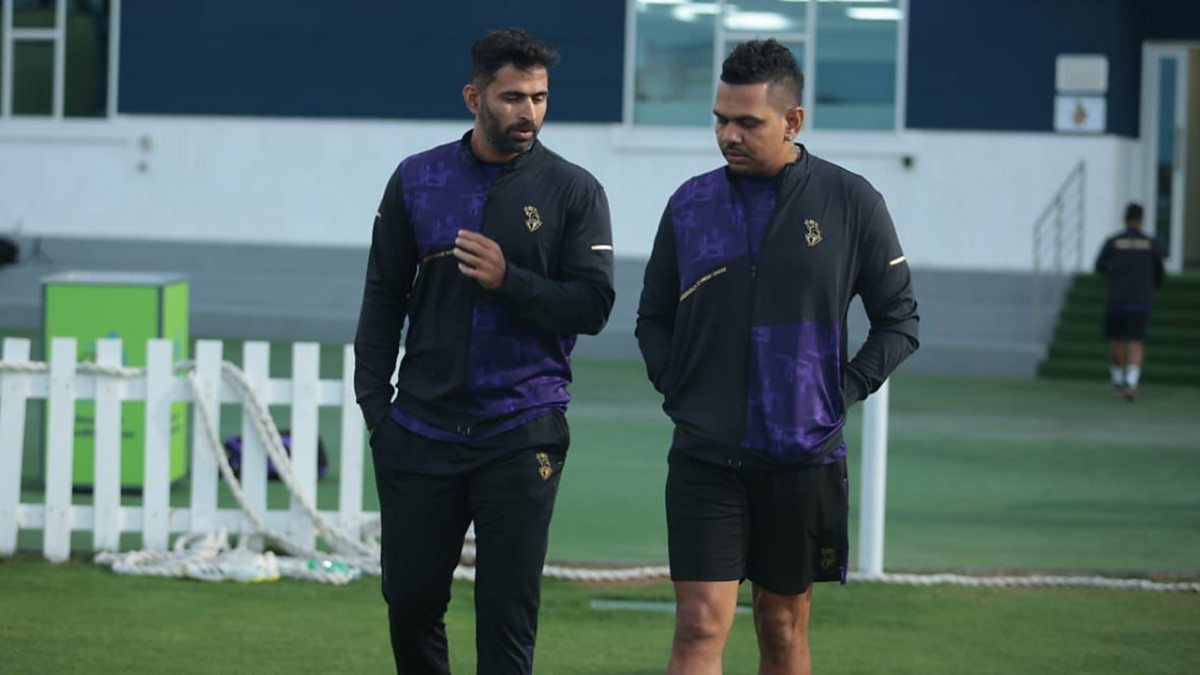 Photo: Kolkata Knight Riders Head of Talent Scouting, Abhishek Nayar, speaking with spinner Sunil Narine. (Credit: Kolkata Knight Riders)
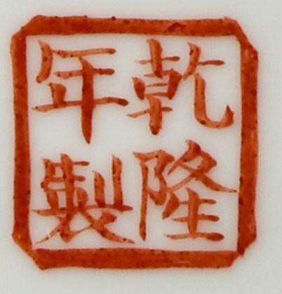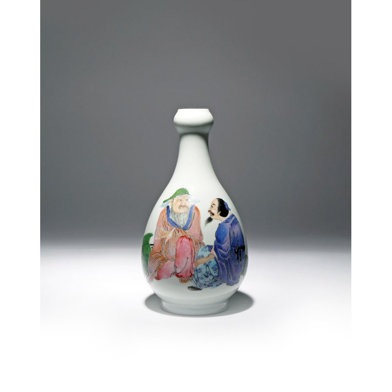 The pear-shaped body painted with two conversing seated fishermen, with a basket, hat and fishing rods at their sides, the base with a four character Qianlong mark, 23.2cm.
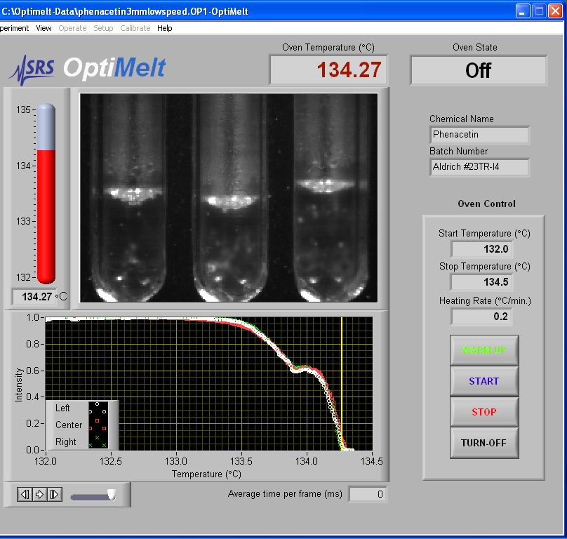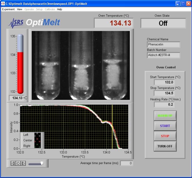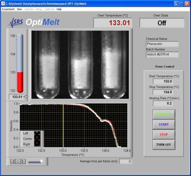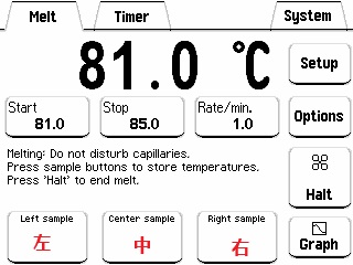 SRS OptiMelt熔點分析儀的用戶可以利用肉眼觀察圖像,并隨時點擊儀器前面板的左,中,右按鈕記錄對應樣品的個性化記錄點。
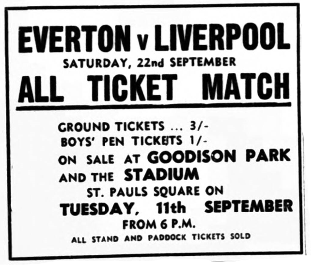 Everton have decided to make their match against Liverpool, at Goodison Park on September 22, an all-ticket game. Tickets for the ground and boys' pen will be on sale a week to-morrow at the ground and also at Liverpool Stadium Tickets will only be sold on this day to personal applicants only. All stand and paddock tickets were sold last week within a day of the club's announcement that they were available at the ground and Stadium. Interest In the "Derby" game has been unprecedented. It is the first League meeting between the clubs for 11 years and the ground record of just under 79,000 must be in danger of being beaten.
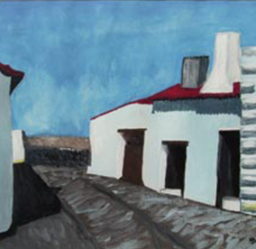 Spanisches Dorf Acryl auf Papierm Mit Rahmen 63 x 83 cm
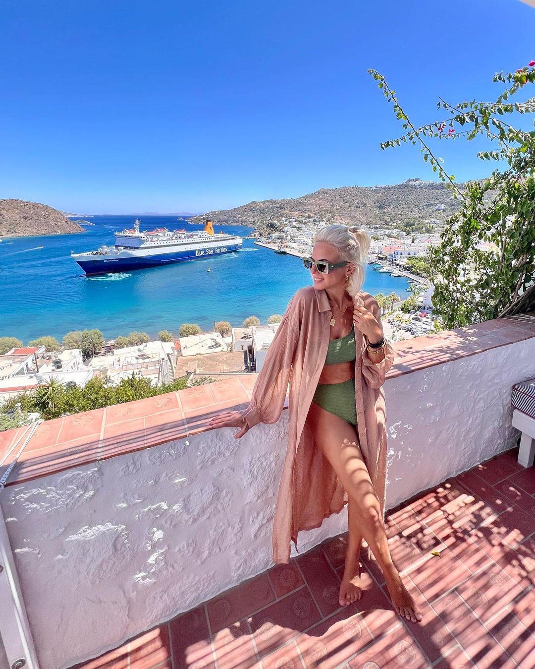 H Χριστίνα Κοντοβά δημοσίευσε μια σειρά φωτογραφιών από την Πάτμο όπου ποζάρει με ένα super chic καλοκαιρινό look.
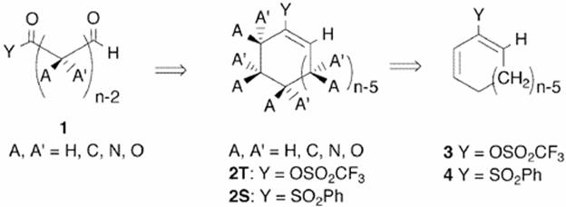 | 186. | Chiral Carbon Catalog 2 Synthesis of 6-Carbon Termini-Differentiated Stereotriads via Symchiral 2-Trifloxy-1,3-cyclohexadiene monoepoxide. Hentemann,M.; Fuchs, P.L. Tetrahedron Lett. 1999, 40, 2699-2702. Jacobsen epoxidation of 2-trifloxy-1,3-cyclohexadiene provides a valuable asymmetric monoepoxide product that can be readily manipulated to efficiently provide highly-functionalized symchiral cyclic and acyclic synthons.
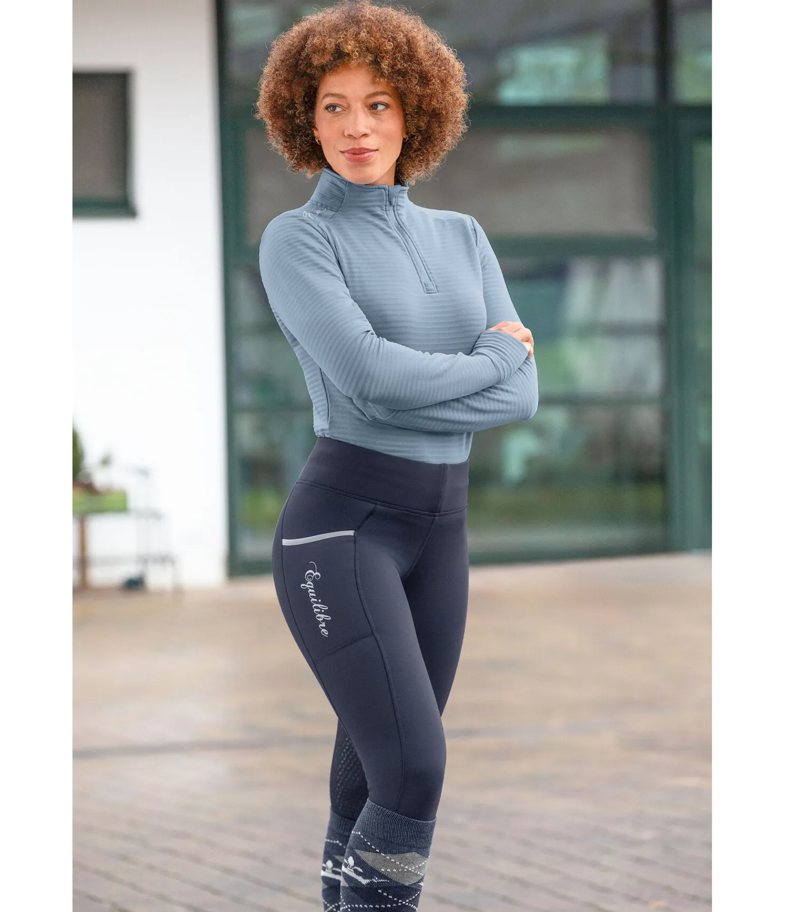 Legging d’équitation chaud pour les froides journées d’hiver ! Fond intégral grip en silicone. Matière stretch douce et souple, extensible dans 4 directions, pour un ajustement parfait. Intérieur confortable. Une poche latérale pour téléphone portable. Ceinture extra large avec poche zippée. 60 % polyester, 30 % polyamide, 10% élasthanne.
━━━━━━
> ACTIVITY: Write down exactly what the lines above say, from the line holding "SRS OptiMelt熔點" through the line holding "H Χριστίνα Κοντοβά", and nothing more. Do not copy the pictures.

> RESULT OF THIS EXERCISE:
 SRS OptiMelt熔點分析儀的用戶可以利用肉眼觀察圖像,并隨時點擊儀器前面板的左,中,右按鈕記錄對應樣品的個性化記錄點。
 Everton have decided to make their match against Liverpool, at Goodison Park on September 22, an all-ticket game. Tickets for the ground and boys' pen will be on sale a week to-morrow at the ground and also at Liverpool Stadium Tickets will only be sold on this day to personal applicants only. All stand and paddock tickets were sold last week within a day of the club's announcement that they were available at the ground and Stadium. Interest In the "Derby" game has been unprecedented. It is the first League meeting between the clubs for 11 years and the ground record of just under 79,000 must be in danger of being beaten.
 Spanisches Dorf Acryl auf Papierm Mit Rahmen 63 x 83 cm
 H Χριστίνα Κοντοβά δημοσίευσε μια σειρά φωτογραφιών από την Πάτμο όπου ποζάρει με ένα super chic καλοκαιρινό look.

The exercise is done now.